> Well, you know, some people speak of Dylan as if he were the kind of
musician that Johnson was -- the sort that you could listen to a million
times and still feel like you could hear it a million times more, like
you could never get to the bottom of it. And Dylan, evokes that
greatness but doesn't fulfill it -- that's why words like "poseur" and
"simulation" come up for me when I think of Dylan.
Well, Dylan has some "disadvantages" compared to Johnson. We know a lot about Dylan, but only a little about Johnson. Dylan is still continuing a long career full of studio and live recordings, but Johnson only had a brief studio career and no known live recordings. Dylan was famous in his time, but Johnson wasn't. Dylan has recorded with a wide variety of musicians and in a wide variety of arrangements, but Johnson had only himself.
Johnson, being fixed in a distant time and place and a limited output, is a blank slate into which we can project ourselves, while Dylan, despite all his changeability, is more a Rorschach blot than a mirror.
(It's not just Johnson's musicianship that makes him great--his songwriting plays at least as large a part. Listening to John Hammond, Jr. do Johnson is one of the few public performances that has made me cry.)
> He most certainly did brilliantly encapsulate a great deal of fabulous sixties angst.
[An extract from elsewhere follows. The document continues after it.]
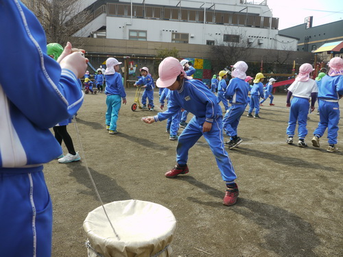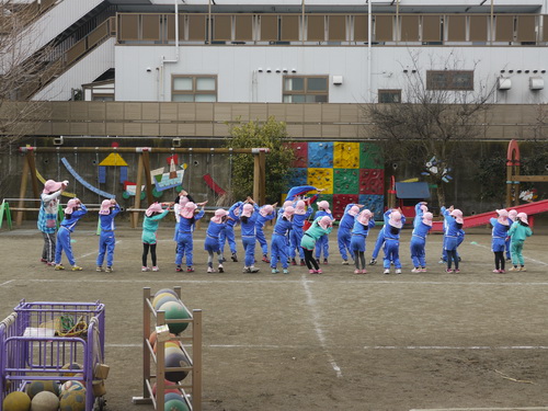 』って合い言葉をいいながらみんなで体操をします!楽しい準備体操で見ていると心が和みます!
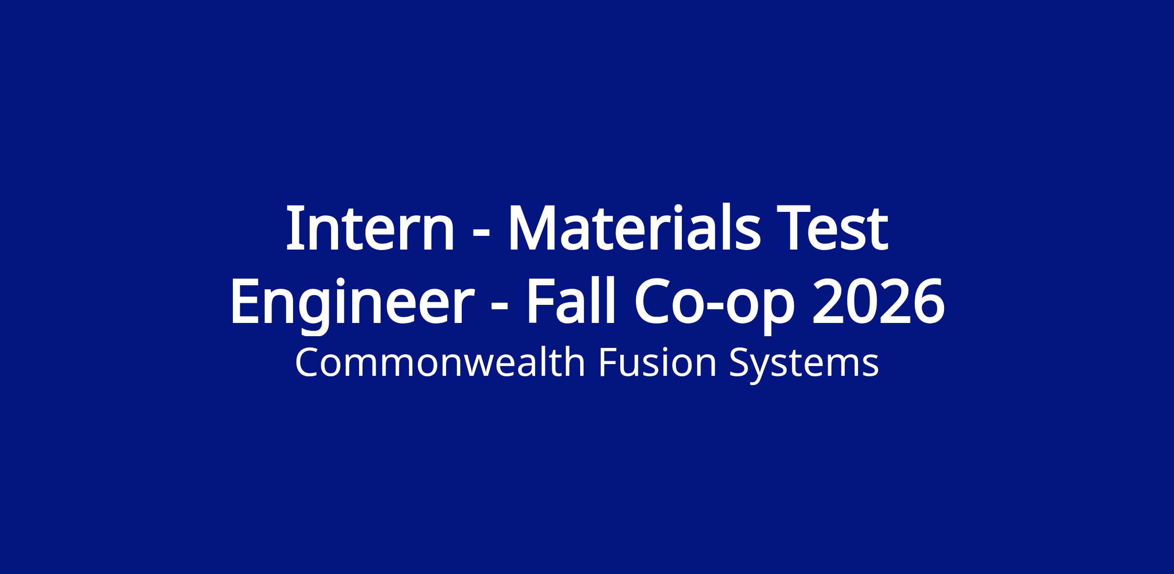 The CFS Materials Team is seeking a motivated Materials Test Engineering Intern to join our cutting-edge team. In this role, you will support the development and testing of advanced materials critical to key tokamak systems such as plasma-facing components, the vacuum vessel, and high field magnets. This is a unique opportunity to work at the forefront of sustainable energy innovation in a collaborative, fast-paced R&D environment.

True.
He's got nearly as much great work post-sixties--Planet Waves, Blood on the Tracks, Desire, Love and Theft are all solid beginning to end, and I've yet to give Time Out of Mind a truly good listening--as he does great sixties work. I've come to prefer the later material to those classic sixties angst records. I came late to Blonde on Blonde, and I'm still playing it a lot, but the others are not so much in my ears any more.